See the corresponding docstrings for more information:

• linear
• newton
• levmarq
• steepest
• acor

estimate_¶

A nicely formatted version of the estimate.

If the class implements a fmt_estimate method, this will its results. This can be used to convert the parameter vector to a more useful form, like a fatiando.mesher object.

fit()[source]¶

Solve for the parameter vector and optimum regularization parameter.

Combines the data-misfit and regularization solvers using the range of regularization parameters provided and calls fit and config on each.

The p_ and estimate_ attributes correspond to the combination that falls in the corner of the L-curve.

The regularization parameter for this corner point if stored in the regul_param_ attribute.

Returns:

• self

fmt_estimate(p)[source]¶

Return the estimate_ attribute of the optimal solution.

objective_¶

The objective function corresponding to the best estimate.

p_¶

The estimated parameter vector obtained from the best regularization parameter.

plot_lcurve(ax=None, guides=True)[source]¶

Make a plot of the data-misfit x regularization values.

The estimated corner value is shown as a blue triangle.

Parameters:

• ax

  : matplotlib Axes

  If not None, will plot the curve on this Axes instance.

• guides

  : True or False

  Plot vertical and horizontal lines across the corner value.

regul_param_¶

The regularization parameter corresponding to the best estimate.

select_corner()[source]¶

Select the corner value of the L-curve formed inversion results.

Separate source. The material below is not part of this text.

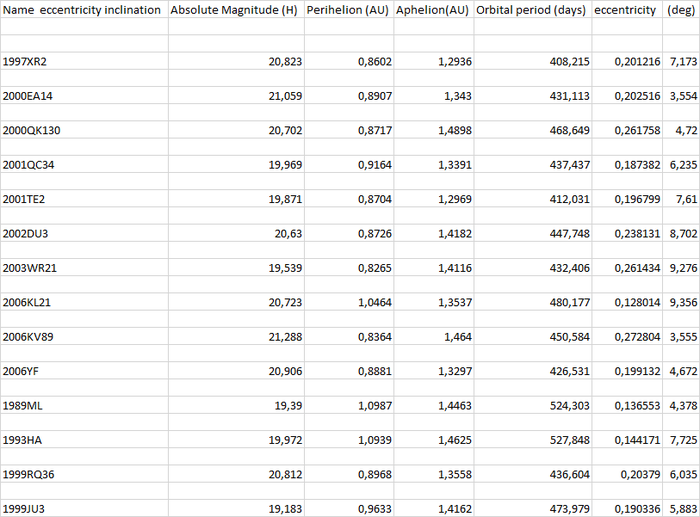 В далеком 2008 году на форуме журнала "Новости космонавтики" пользователь Имхотеп подобрал для меня из таблицы НАСА по околоземным астероидам подходящие под промежуточные станции для переброски колонистов на Марс. Тогда их было известно менее 6000.

This is performed automatically after calling the fit method. You can run this method separately after fit has been called to tweak the results.

You can access the estimated values by:

• The p_ and estimate_ attributes will hold the estimated parameter vector and formatted estimate, respective, corresponding to the corner value.
• The regul_param_ attribute holds the value of the regularization parameter corresponding to the corner value.
• The corner_ attribute will hold the index of the corner value in the list of computed solutions.

Uses the Triangle method of Castellanos et al. (2002).

References:

Castellanos, J. L., S. Gomez, and V. Guerra (2002), The triangle method for finding the corner of the L-curve, Applied Numerical Mathematics, 43(4), 359-373, doi:10.1016/S0168-9274(01)00179-9.

stats_¶

The optimization information for the best solution found.